• To do:
The answer must be a single number: the count of lines in the records below that contain the word "xiàn".

• Records for the task:
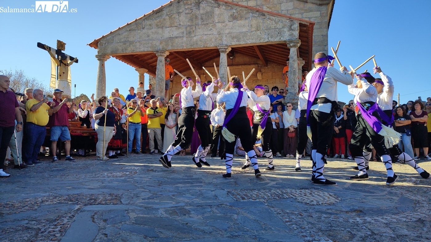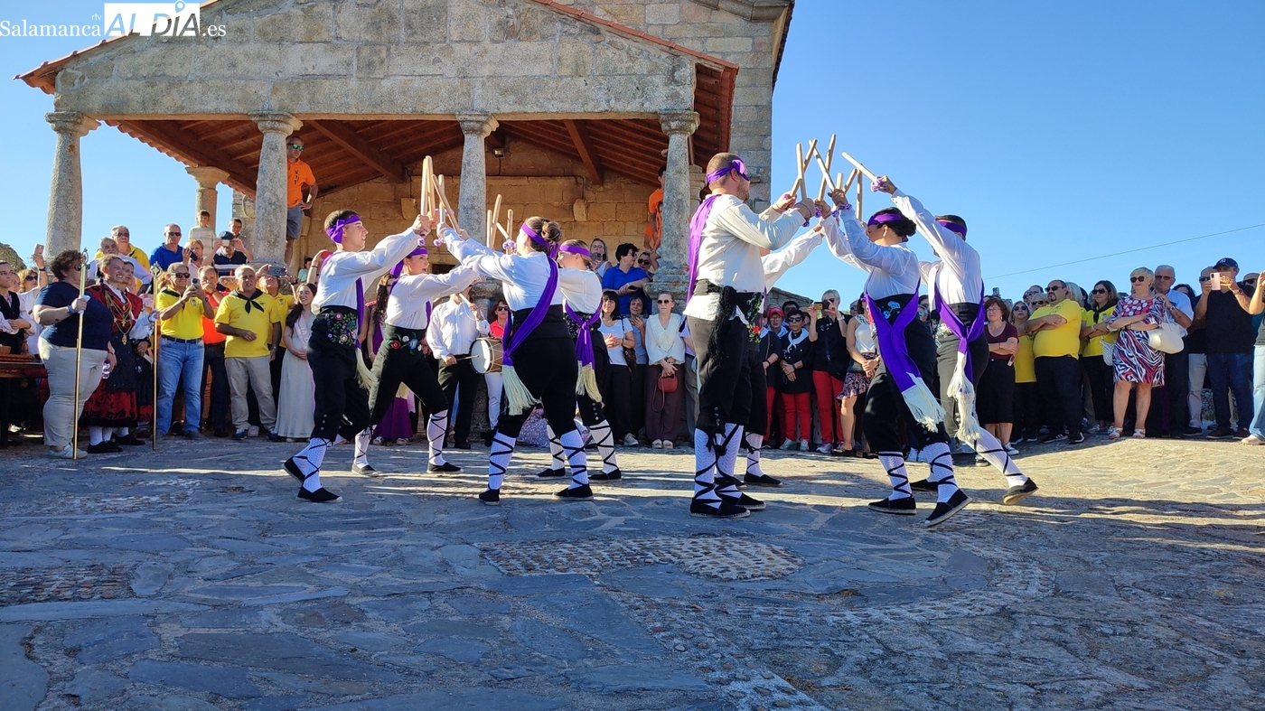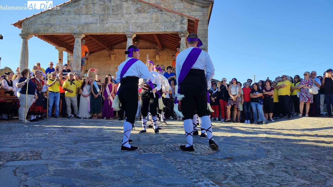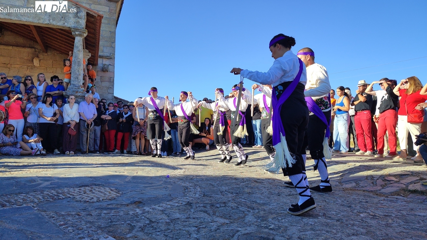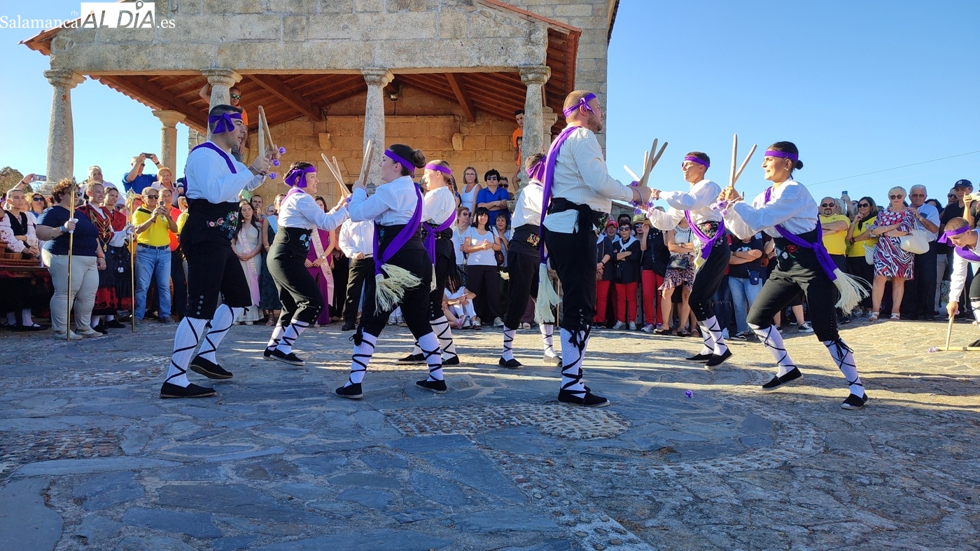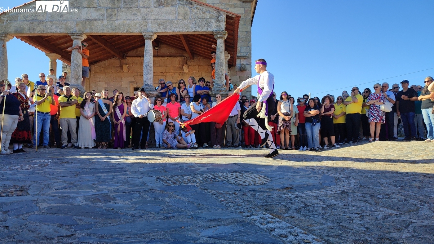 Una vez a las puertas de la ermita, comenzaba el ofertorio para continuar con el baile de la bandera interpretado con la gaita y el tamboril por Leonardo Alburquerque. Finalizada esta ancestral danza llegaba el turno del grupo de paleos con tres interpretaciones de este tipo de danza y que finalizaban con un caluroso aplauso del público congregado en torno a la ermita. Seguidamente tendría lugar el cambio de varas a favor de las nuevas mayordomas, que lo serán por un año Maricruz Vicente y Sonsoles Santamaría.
...
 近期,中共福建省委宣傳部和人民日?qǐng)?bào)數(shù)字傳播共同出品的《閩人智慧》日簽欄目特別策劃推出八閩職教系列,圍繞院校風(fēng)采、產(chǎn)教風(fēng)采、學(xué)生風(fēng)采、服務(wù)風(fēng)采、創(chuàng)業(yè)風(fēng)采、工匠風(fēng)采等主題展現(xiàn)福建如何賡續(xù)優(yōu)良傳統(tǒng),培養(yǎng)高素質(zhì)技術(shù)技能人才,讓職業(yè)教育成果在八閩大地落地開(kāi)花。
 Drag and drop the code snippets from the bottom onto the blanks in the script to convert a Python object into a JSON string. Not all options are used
==
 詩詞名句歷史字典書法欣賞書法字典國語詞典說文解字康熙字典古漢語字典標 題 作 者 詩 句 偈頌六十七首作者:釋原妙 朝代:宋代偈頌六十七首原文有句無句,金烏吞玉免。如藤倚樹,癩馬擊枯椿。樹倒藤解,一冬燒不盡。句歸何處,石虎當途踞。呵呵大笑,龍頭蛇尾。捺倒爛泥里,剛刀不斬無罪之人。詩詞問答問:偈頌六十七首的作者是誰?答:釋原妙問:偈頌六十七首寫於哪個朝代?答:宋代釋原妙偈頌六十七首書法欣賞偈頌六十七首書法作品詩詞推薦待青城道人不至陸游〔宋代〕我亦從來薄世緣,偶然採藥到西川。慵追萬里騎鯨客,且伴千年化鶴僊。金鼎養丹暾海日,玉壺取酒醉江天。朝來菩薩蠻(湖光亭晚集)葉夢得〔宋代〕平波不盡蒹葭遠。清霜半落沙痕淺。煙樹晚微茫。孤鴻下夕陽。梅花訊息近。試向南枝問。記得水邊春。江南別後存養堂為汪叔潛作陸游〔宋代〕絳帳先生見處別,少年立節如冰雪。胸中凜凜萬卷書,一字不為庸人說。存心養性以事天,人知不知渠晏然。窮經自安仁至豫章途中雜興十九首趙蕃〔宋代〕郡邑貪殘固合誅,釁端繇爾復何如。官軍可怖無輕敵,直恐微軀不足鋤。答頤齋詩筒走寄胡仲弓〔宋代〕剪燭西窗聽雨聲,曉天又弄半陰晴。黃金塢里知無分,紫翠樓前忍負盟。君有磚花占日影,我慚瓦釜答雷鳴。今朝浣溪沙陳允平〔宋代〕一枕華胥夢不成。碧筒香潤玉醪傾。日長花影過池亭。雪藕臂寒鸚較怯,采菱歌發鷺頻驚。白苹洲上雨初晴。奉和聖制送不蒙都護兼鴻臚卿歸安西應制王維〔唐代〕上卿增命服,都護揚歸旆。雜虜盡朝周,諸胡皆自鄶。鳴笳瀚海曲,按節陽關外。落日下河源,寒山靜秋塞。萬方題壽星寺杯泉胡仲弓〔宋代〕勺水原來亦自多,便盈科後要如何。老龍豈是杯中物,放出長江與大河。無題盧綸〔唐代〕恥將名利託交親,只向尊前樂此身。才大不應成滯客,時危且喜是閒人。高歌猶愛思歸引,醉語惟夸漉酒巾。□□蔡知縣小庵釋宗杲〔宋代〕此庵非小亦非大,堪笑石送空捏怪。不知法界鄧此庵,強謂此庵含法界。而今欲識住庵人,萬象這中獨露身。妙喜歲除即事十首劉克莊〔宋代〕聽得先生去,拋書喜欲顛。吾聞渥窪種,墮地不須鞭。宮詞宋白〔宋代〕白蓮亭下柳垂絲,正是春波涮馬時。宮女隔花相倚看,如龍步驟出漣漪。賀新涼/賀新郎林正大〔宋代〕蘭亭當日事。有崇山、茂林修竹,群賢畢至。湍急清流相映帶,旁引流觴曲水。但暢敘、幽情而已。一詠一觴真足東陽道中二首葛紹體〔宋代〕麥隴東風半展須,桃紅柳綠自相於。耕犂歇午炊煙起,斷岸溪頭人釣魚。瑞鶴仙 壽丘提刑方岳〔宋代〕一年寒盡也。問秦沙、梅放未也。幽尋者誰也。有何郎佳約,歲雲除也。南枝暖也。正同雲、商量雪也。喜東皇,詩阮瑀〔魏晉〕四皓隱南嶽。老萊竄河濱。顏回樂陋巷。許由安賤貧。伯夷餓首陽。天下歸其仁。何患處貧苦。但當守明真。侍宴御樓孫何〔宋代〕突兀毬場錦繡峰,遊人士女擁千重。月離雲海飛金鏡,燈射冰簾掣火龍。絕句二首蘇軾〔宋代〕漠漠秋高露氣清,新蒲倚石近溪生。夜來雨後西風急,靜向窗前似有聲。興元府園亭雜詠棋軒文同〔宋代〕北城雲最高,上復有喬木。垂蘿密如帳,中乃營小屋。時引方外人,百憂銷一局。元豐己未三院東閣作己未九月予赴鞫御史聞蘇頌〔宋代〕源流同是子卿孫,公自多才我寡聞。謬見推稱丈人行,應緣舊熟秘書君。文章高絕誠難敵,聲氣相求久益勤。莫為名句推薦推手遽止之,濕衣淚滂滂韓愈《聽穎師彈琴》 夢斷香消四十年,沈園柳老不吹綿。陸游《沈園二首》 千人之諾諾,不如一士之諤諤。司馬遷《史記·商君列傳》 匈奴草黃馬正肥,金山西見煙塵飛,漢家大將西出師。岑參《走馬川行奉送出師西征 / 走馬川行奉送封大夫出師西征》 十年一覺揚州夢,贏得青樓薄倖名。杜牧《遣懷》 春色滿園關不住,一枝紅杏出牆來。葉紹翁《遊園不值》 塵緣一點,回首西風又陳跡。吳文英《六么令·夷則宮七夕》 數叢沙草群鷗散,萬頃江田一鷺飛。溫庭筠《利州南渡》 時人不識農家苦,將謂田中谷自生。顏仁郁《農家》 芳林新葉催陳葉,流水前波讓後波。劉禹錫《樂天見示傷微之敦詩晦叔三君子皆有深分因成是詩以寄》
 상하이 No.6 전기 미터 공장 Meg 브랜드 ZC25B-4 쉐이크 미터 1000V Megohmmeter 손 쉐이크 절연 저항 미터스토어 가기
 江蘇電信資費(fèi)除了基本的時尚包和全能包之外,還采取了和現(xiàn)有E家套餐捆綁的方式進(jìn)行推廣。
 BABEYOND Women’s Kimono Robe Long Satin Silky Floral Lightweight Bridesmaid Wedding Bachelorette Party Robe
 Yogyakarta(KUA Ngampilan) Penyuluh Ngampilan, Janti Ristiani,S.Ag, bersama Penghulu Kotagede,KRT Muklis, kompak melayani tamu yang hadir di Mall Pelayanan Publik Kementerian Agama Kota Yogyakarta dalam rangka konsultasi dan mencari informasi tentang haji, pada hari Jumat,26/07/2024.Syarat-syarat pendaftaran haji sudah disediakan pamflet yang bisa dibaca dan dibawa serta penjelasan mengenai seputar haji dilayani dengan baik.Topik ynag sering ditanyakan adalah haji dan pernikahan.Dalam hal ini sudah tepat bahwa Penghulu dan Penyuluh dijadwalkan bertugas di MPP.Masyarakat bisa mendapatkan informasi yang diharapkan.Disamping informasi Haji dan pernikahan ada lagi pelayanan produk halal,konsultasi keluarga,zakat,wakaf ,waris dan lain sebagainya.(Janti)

• Reply:
2